For the last time on this trip, we set the alarm and prepared for another early day of travel, but this time back home to the familiar. We have become very efficient at this! I look around the room and ask, as Steve often did on the coach, "Now have a little think: phones? chargers? passports?" Bags were rolled down to the concierge desk at 8:15. And then we sat around in the lobby of the Hard Rock Hotel, quiet 60s-era rock music continually playing in the background, visiting with a handful of our traveling companions, some of whom were returning as we were, others going on to further adventures; Vernon and Ruth and Mary were on their way to stay in a castle for a week.
Our chauffeured van arrived and in no time we were back at Heathrow, but this time (being seasoned travelers!) it seemed as if we passed through airport security and baggage much more easily.
Our flight was at 12:30 p.m., and we were scheduled to arrive in Charlotte at 4:30 p.m. We had wisely anticipated the effects of jet lag and planned to stay the night in Charlotte rather than driving home, since 4:30 p.m. Charlotte Time was 9:30 p.m. London Time. (And, surprisingly, I found that I remained on London Time much longer after returning than I had remained on Charlotte Time in England three weeks ago).
It was bittersweet to climb higher and higher in the sky and watch the City of London, and then the little patchwork-quilt fields and hedgerows and stone fences of the beautiful countryside through which we had traveled the past three weeks - "England's green and pleasant land" - disappear below us, finally vanishing suddenly in clouds.
What a surprise (we should have expected it) to find Charlotte baking in the 90s, the heat and humidity hitting us in the face when we stepped outside. We were to discover that the East Coast was experiencing unprecedented heat, while snow was coming early to Montana.
After a good night's rest, we left for home, through the hot, sticky humidity of the upstate. How true it is that travel gives you a different perspective! I was struck, as if seeing it for the first time, by the roadside trash, the junk cars, the vacant fields in which no livestock grazed, the falling-down buildings of that particularly poverty-stricken stretch of rural roadside between Charlotte and home. We stopped in the middle of nowhere at a red light, waiting and waiting, and I found myself thinking, "This intersection needs a roundabout!" Yes, they really do work.

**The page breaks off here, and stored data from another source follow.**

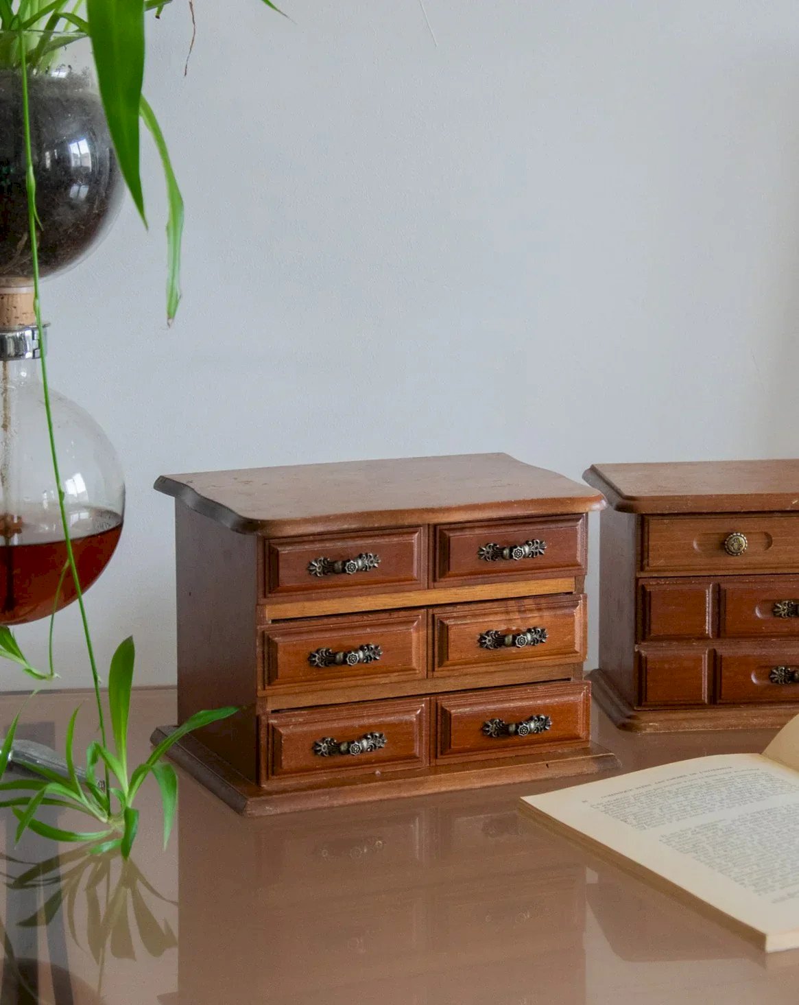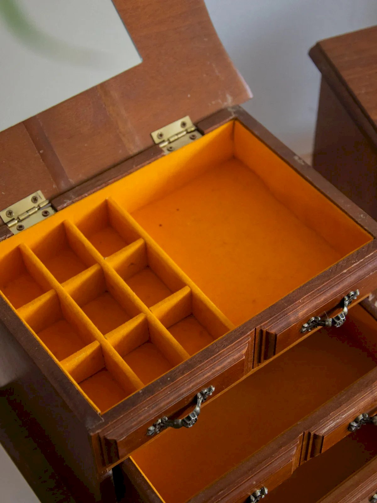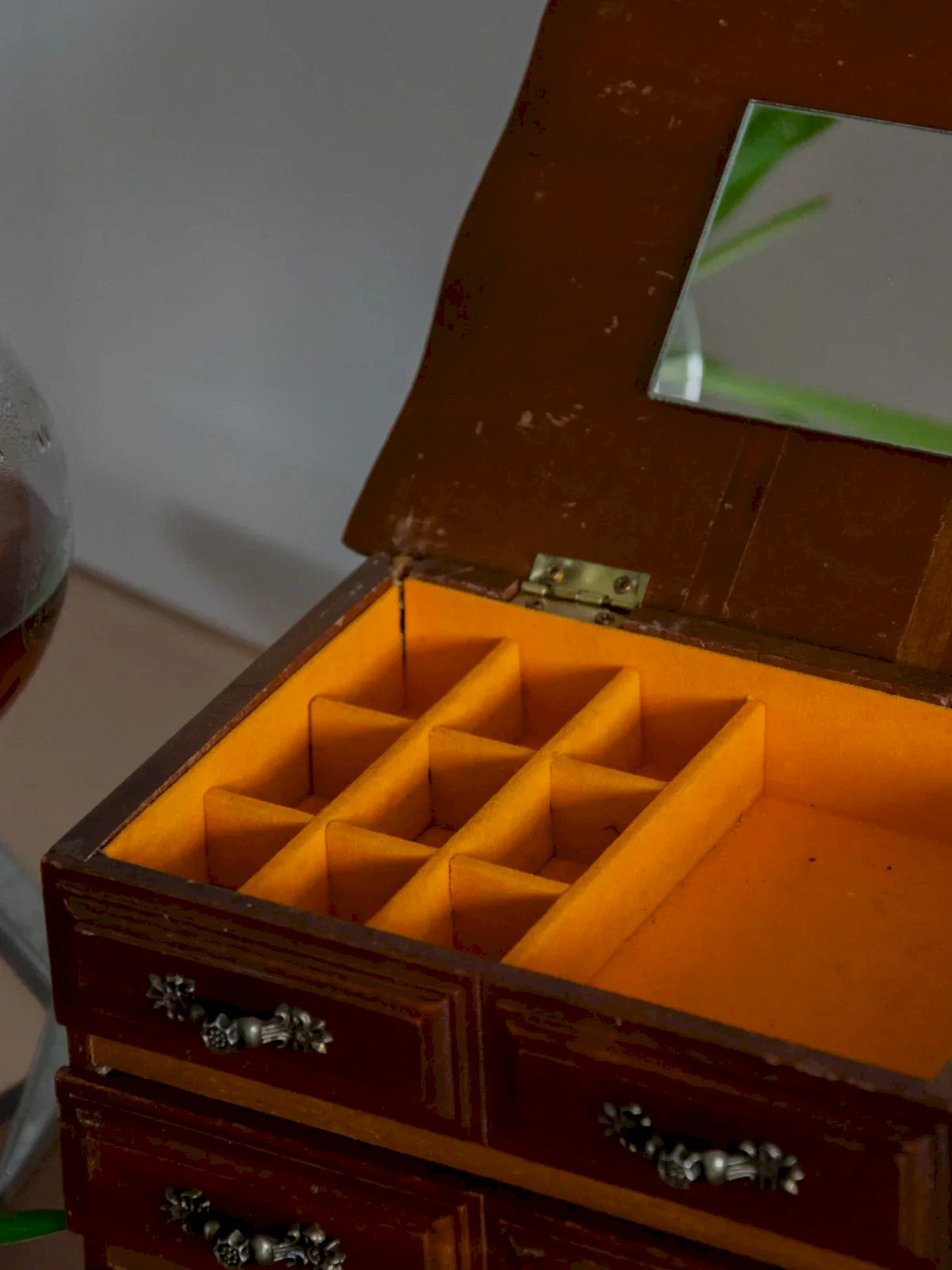 Discover this charming little storage box, perfect for elegantly keeping your jewelry. Its pretty details with metallic handles add a touch of sophistication, while the flap-opening tray, featuring a small integrated mirror, makes accessing your precious treasures easy. With a dedicated compartment for jewelry and two practical drawers, this box offers both style and functionality. The signs of time give it a unique character and exceptional charm. Length: 22 cm Width: 15.5 cm Height: 15.5 cm Drawer height: 3 cm Condition: Used item with some superficial wear marks, fully operational and functioning correctly. It may be a display model or an item returned to the store after a short period of use, with possible imperfections. Brand: Debongout Type: Vintage product Material: Wood, Metal, Glass Style: Country
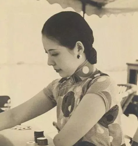 再看这张,旗袍女大学生低头微笑,侧脸温柔,短发贴耳,衣服上是大朵圆点花纹,也不知道是不是赶什么风潮,但这股子清爽劲儿,现在女孩子里头真不常见,桌上的小瓶小罐像是做手工的道具,安安静静地忙着自己的事,外面即使再闹,她的世界里都留了一点岁月的笃定,奶奶年轻时常说,上学的姑娘一定要有一身体面衣裳,旗袍最好不过,坐得住才穿得出。
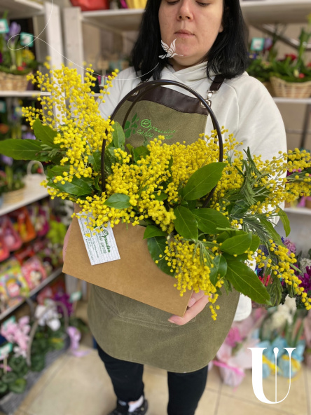 Нежный авторский букет из гербер, гвоздик и кустовых роз в стильной упаковке
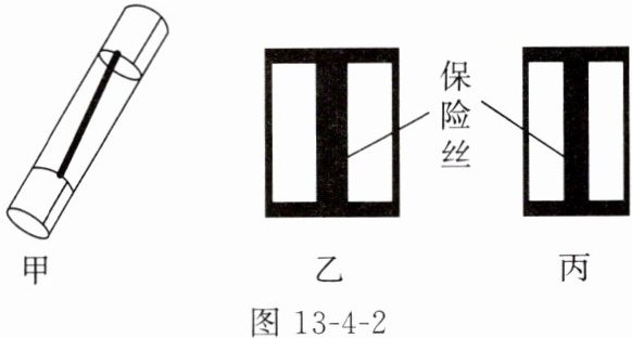 4. 为了防止电流过大导致用电器核心部件被烧毁,很多用电器都装有保险管(如图 13 - 4 - 2 甲所示),图 13 - 4 - 2 乙、丙是熔断电流分别为 10 A 和 20 A 的某种型号保险管的截面图(保险丝的材料和长度相同),那么图
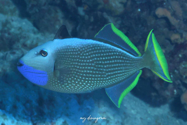 オスは頬が青色で、背鰭と臀鰭は黄色ですが、メスは一様に暗褐色の体色で、背鰭と臀鰭が褐色なのが特徴です。
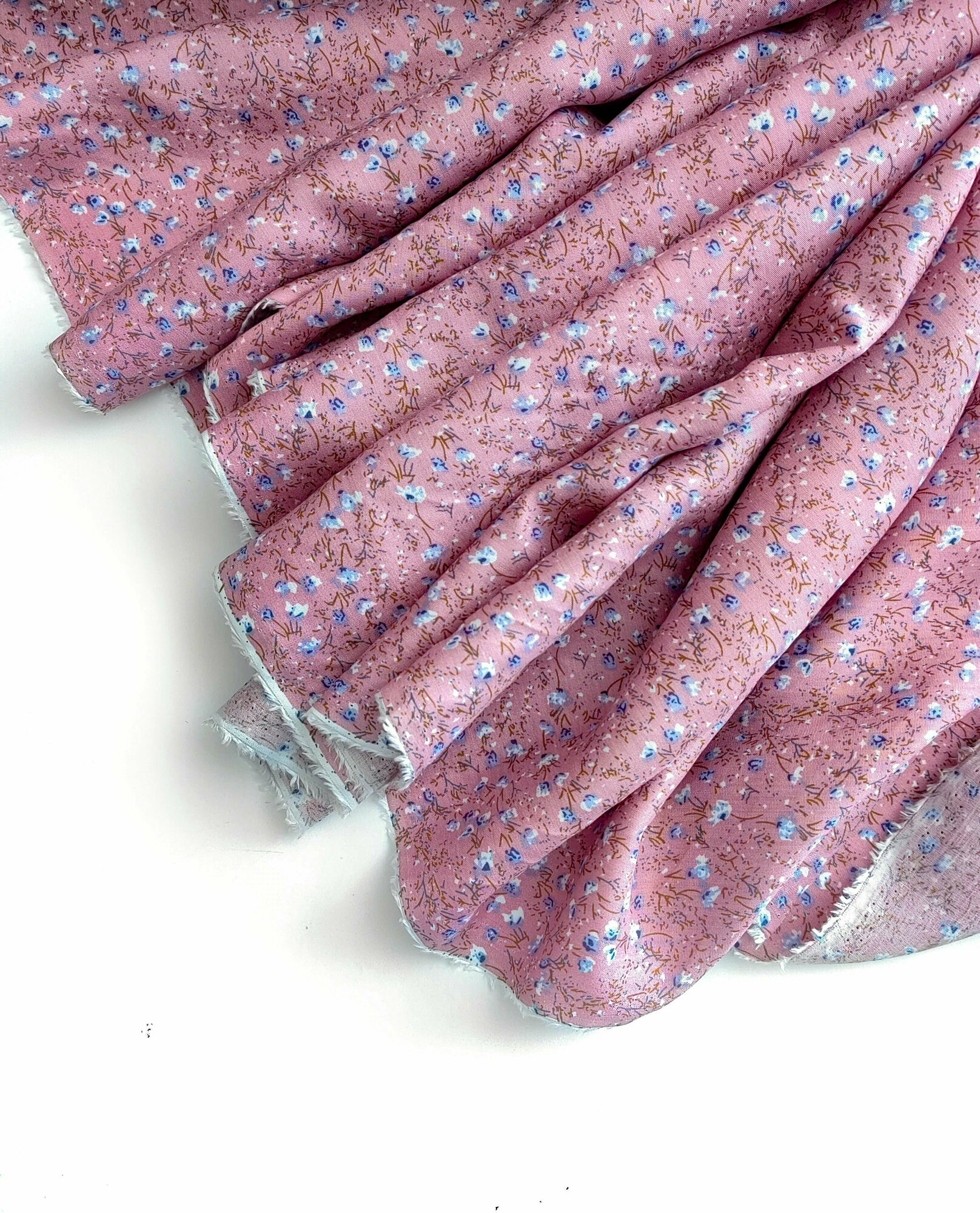 Ткань для шитья блуз, платьев, юбок 100% Вискоза в цветочек пудрово-розовый отрез 1.3м

But make no mistake: despite the lack of orderly fields and hedgerows and the ruins of old towers and cathedrals, our country is a beautiful one, and as we climbed higher and higher on familiar two-lane roads into the mountains of Western North Carolina, we were glad to be back home again. And our little Town, Highlands, is truly remarkable. It is wonderful to be able to travel, but this is a good place to live, and we were glad to be returning.
So I sit at my desk, reading the notes on the last page of the little diary I kept, looking at the handful of treasures we brought back home with us: a sprig of heather from Scotland; a postcard-sized note card from Shakespeare's birthplace reading, "We know what we are, but know not what we may be" (Hamlet); and three small rocks, one from Scotland, one from Ireland, and one from the coast of England.
But much more than that: memories that will last a lifetime.